[libvoikko] Moving support for HFST spellers from experimental to stable

Harri Pitkänen hatapitk at iki.fi
Mon Jan 7 21:55:57 EET 2013


On Monday 07 January 2013, Flammie Pirinen wrote:
> I think the version of hfst-ospell command-line in the repository
> should read and print the XML metadata when called with --verbose, so
> the needed code is there, at least I remember implementing it once.

Yes, but it uses the metadata_dump() method which combines all of the metadata 
into one string:

  if (verbose)
    {
      std::cout << "Following metadata was read from ZHFST archive:" << 
std::endl
                << speller.metadata_dump() << std::endl;
    }

Libvoikko would need the locale and some short (one line) description of the 
speller (written preferably in the target language). I could not find any easy 
way to read these. Implementation of ZHfstOspellerXmlMetadata::debug_dump() 
seems to read the description from many different XML elements and I'm not 
sure if all of the methods used there can be used from external code.
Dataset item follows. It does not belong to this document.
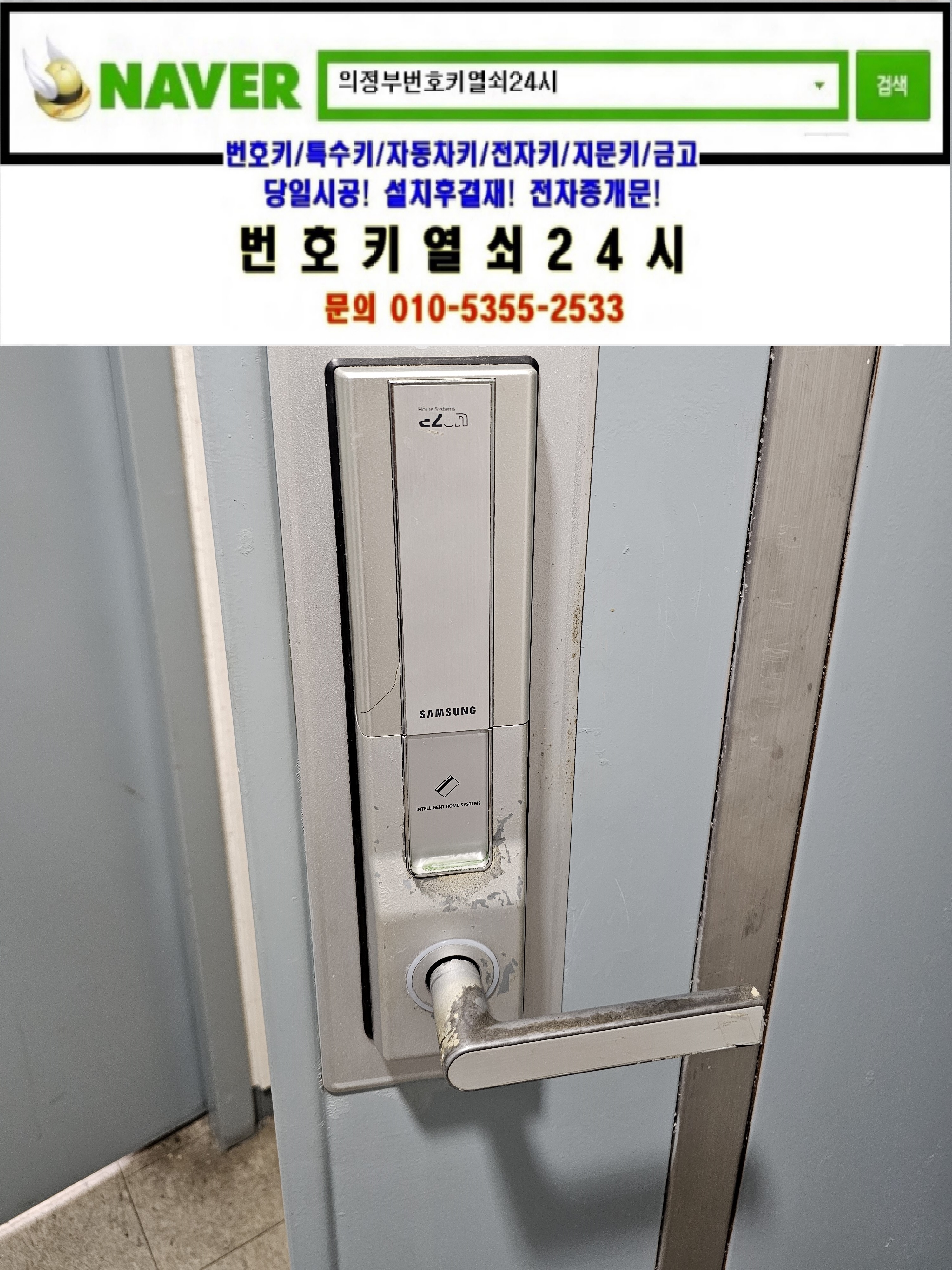 서울 도봉구 도봉동열쇠(마들로859-19) 도봉한신아파트 삼성이지온주키고장나 레바주키도어락 sm500은 번호키열쇠24시가(010 5355 2533) 설치하고 왔습니다.

> I think it should be doable. Assuming the files in voikko/3/ are
> language coded as speller-...zhfst, the only missing piece is to have
> the language code parsing, or just enumerating all zhfst files,
> currently I think the code just uses hard-coded speller.zhfst in 2/
> dirs instead (and the pro file parsing).
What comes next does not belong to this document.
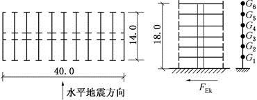 一幢6层砌体房屋,其平面及剖面图如图所示。抗震设防烈度为8度(0.2g),每层建筑结构自重标准值为16kN/m2(包括墙体及楼面结构自重),楼面活荷载标准值为2.0kN/m2,屋面活荷载标准值为0.5kN/m2。采用底部剪力法计算水平地震作用,由此可算得该房屋的底部总水平地震作用标准值FEk(kN)与下列何项数值最为接近?( )

Encoding the locale into the file name is fine (I think) but then we would 
still need the description (this is used at least by "voikkospell -l", 
Webvoikko and libreoffice-voikko):

$ voikkospell -l
...
fi-x-standard: suomi (perussanasto)
fi-x-ovfst: Omorfi-pohjainen VFST-morfologia
fi-x-apertium: Experimental Lttoolbox morphology
fi-x-dialect: murteellisten, vanhojen ja harvinaisten sanojen sanasto
fi-x-hfst: Kokeellinen HFST-morfologia
fi-x-malmor: suomi (perussanasto)
fi-x-malstd: suomi (perussanasto)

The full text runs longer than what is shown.